• **What this task involves**
Please, without any pictures, set down exactly the part of the listing below that opens with the line containing "4 扉、取手、タイルなど一つ" and closes with the line containing "წმინდა მღვდელმონაპე კირიონ II (საძაგლიშვილი)".

++++ Data supplied

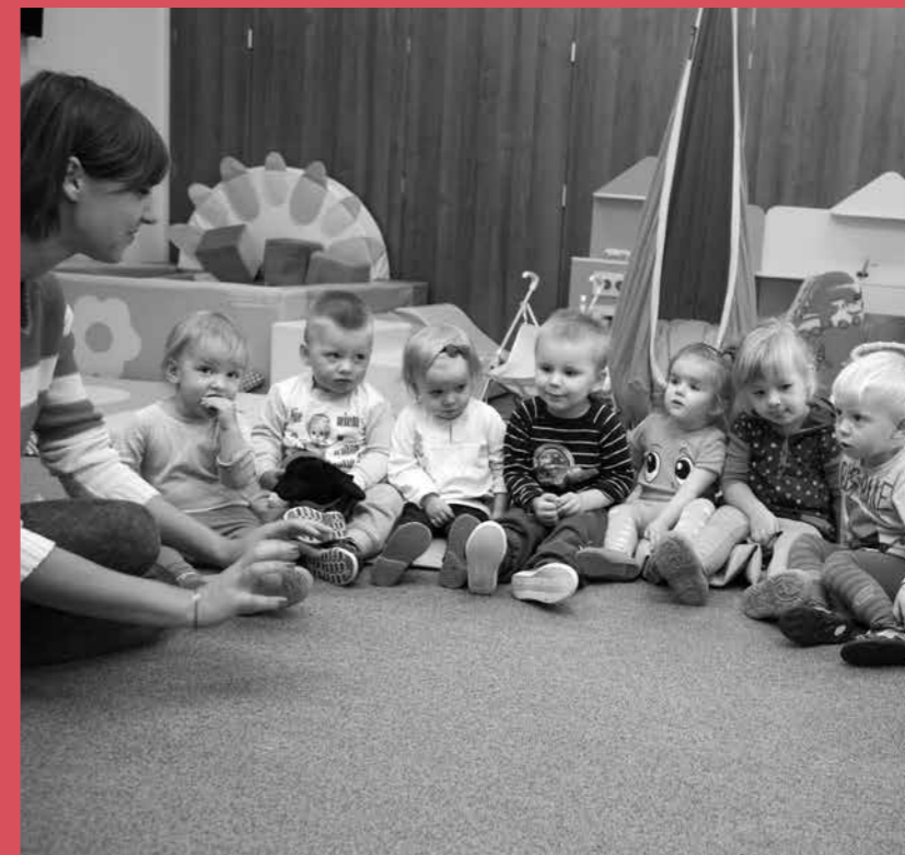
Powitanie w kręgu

++++++++
++++ Data supplied

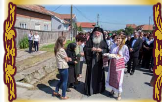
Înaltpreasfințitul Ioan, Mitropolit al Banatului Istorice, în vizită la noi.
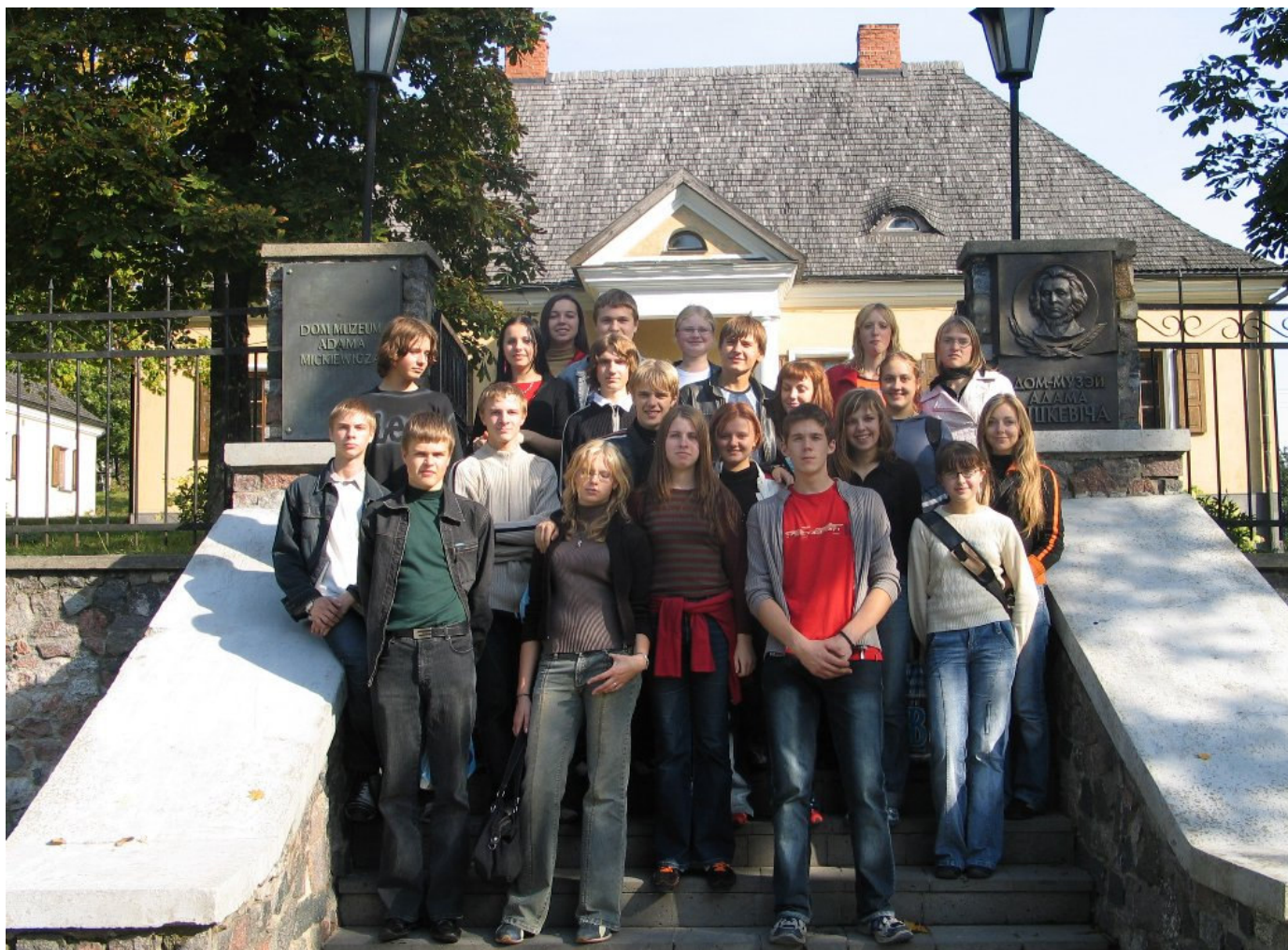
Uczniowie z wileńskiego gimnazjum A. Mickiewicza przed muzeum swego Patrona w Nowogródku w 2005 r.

++++++++
++++ Data supplied

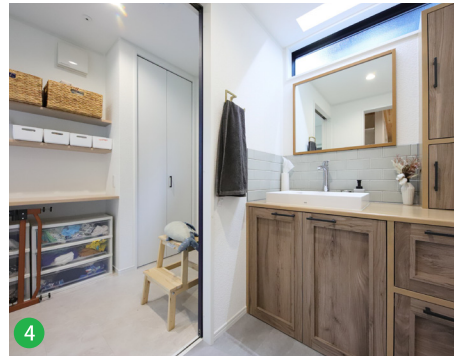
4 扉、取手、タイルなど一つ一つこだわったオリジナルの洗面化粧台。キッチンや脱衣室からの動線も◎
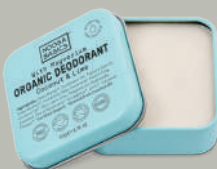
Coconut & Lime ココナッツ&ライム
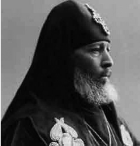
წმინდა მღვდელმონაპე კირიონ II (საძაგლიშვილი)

++++++++

• **Solution**
4 扉、取手、タイルなど一つ一つこだわったオリジナルの洗面化粧台。キッチンや脱衣室からの動線も◎
Coconut & Lime ココナッツ&ライム
წმინდა მღვდელმონაპე კირიონ II (საძაგლიშვილი)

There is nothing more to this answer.